The following antibodies (100-200 μg/mL) were used in immunoblotting: p-ERK/t-ERK, p-p65/t-p65, ADAMTS1 (Cell Signaling, Cat. #4370, #4695, #3033, #8242, #12897), ADAMTS9 (Thermo, Cat. #PA1-1760), CD147 (BD, Cat. #555961), LANA (ABI, Cat. #13-210-100), vFLIP (Ximbio, Cat. #151778) and HERV-K NP9 (kindly provided by Dr. Friedrich A. Grasser from Universitatsklinikum des Saarlandes, Germany).[28] The antibody detecting β-Actin (Cell Signaling, Cat. #4970) was used as the loading control. Immunoprecipitation assays were carried out using the Catch and Release Immunoprecipitation Kit (Milipore).

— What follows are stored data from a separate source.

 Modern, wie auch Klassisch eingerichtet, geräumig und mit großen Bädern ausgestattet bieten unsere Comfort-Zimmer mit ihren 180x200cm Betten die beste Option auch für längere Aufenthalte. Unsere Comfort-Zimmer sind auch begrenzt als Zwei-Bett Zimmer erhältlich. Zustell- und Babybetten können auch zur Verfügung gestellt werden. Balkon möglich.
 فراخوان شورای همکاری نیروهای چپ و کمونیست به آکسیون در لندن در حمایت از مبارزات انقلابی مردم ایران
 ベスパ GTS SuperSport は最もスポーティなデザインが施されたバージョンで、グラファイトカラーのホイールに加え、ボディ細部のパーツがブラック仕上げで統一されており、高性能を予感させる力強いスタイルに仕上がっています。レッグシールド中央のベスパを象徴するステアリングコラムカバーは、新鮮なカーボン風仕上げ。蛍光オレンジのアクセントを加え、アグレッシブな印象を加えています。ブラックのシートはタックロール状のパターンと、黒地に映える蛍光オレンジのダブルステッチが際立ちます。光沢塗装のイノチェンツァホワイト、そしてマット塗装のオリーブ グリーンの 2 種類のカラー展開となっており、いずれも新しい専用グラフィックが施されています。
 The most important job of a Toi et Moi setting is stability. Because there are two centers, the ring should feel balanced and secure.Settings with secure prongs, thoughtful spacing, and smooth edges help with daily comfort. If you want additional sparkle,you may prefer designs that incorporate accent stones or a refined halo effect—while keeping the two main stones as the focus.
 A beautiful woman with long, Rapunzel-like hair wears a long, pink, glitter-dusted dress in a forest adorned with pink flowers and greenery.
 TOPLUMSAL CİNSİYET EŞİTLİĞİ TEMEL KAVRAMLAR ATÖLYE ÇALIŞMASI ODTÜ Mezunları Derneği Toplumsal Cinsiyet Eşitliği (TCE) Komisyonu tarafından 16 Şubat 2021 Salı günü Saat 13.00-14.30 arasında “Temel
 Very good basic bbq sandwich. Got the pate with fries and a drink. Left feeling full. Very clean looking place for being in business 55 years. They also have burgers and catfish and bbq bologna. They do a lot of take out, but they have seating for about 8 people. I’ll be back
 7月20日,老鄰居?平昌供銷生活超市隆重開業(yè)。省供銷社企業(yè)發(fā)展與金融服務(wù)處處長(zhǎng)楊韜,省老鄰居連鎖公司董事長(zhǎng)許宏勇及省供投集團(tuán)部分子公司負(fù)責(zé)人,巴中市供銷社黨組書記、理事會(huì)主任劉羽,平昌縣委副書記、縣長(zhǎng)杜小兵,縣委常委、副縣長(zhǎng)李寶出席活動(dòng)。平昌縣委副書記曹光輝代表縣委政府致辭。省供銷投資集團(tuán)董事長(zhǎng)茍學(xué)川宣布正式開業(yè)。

Plasmid transfection and RNA interference

HUVEC were transfected with control vectors, pcDNA3.1-LANA (pcLANA), pcDNA3.1-vFLIP (pcvFLIP), pcDNA3.1-RTA (pcRTA), pDsred-NP9, pSG5-NP9 (both are kindly provided by Dr. Friedrich A. Grasser),[28] in 12-well plates using Lipofectamine 3000 (Invitrogen). Transfection efficiency was determined as described previously.[29] For RNAi assays, ON-TARGET plus SMART pool siRNA for HERV-K Env, Sp1 (Dharmacon), or the negative control siRNA, were delivered by using the DharmaFECT transfection reagent. To establish stable HERV-K knockdown cells, we used Dharmacon SMARTvector Lentiviral Np9-shRNA and a non-silencing (n)-shRNA as a negative control.

qRT-PCR

Total cellular RNA was isolated and purified using the RNeasy Mini kit (QIAGEN). cDNA was synthesized using SuperScript III First-Strand Synthesis SuperMix Kit (Invitrogen). Primers used for amplification of target genes were listed in Table. S1. Amplification was performed on an iCycler IQ Real-Time PCR Detection System, and analyzed as described previously.[23]

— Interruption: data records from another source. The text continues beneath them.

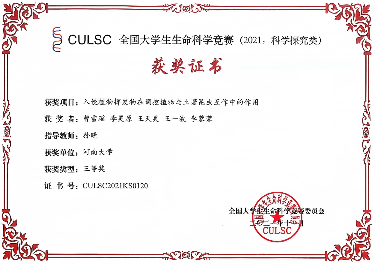 获奖证书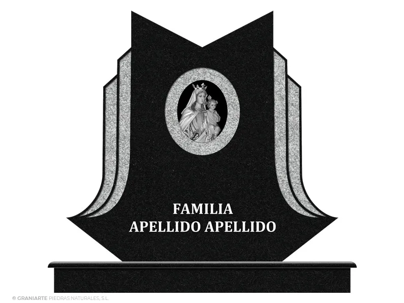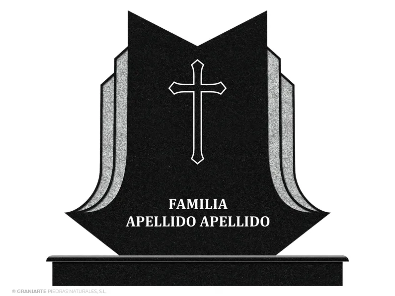 Frente para panteón funerario doble o triple de cementerio fabricado en granito Negro pulido con dos bandas laterales curvas ascendentes, perfiladas y abujardadas en relieve a distintas profundidades. Incluye cruz central e inscripción.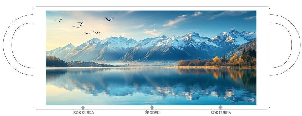 Kubek ceramiczny z grafiką jeziora i gór. Pojemność: 330 ml, biały. Trwały nadruk w technologii CMYK. Nadaje się do mycia w zmywarce (do 65°C) i używania w mikrofalówce. Idealny dla miłośników natury i spokoju.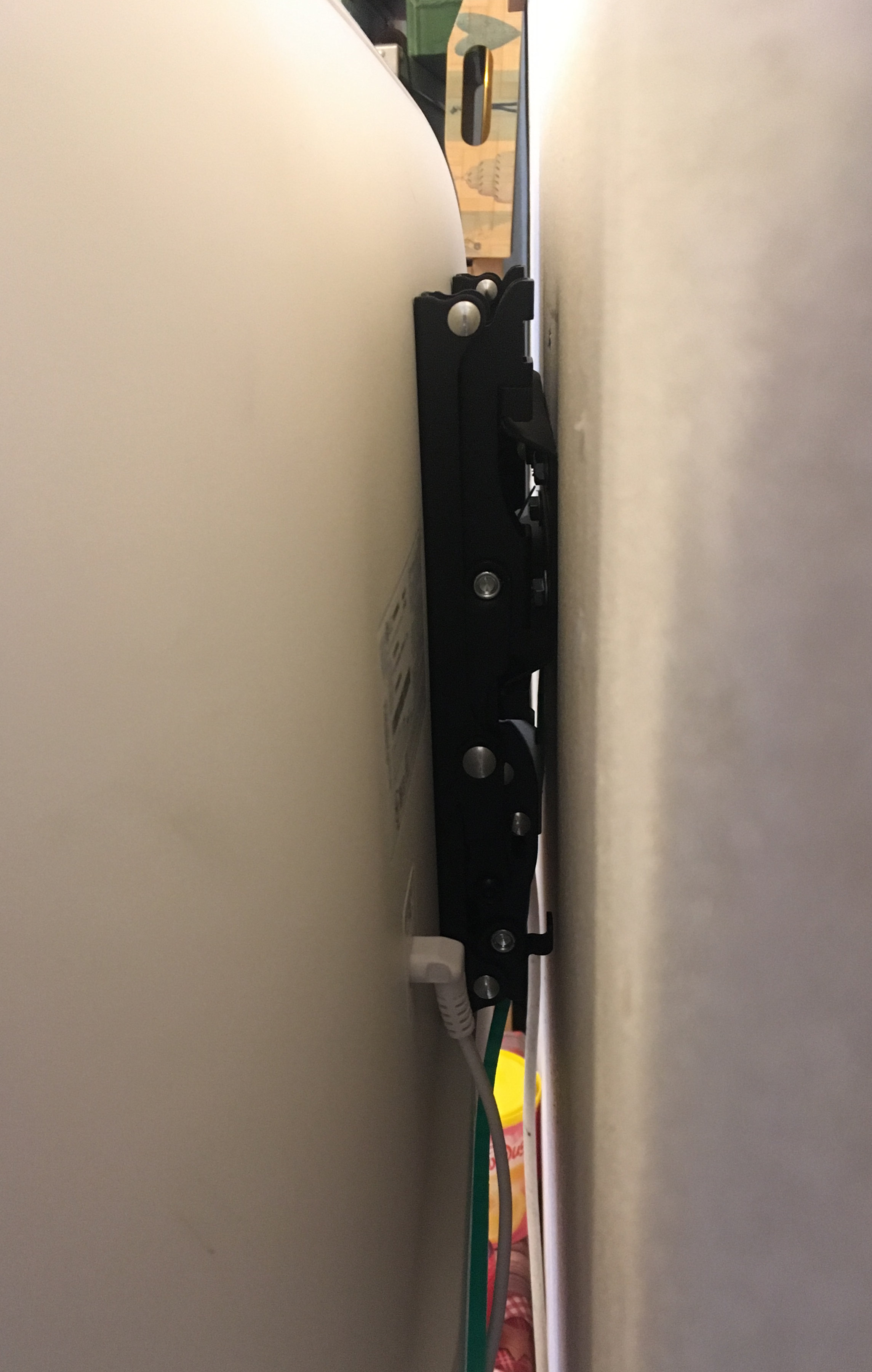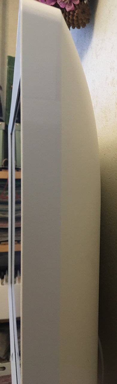 Ширина рамки вокруг дисплея 22мм. Телек не греется, со всех сторон холодный. Немного теплый в районе верхней вентиляционной решетки.

Transwell invasion and soft agar assays

Transwell invasion assays were performed using Matrigel Invasion Chambers (BD) and the relative invasion was calculated as describe previously.[25] The anchorage-independent growth abilities were assessed using soft agar assays as described previously.[25]

KS-like Nude mouse model

5 × 105 TIVE-LTC cells in 50 μL PBS plus 50 μL growth factor-depleted Matrigel (BD Biosciences) were together injected subcutaneously into the flanks of nude mice, 6-8 week-old, male (Jackson Laboratory), 4 mice for each group. At the end of experiment, the tumors were excised for immunoblots and immunohistochemistry analyses. All protocols were approved by the LSUHSC Institutional Animal Care and Use Committee (IACUC) in accordance with the national guidelines.

Statistical analyses

Significance for differences among the experimental groups was calculated and determined using the two-tailed Student’s t-test (Excel 2016). p values <0.05 or <0.01 were considered significant or highly significant, respectively.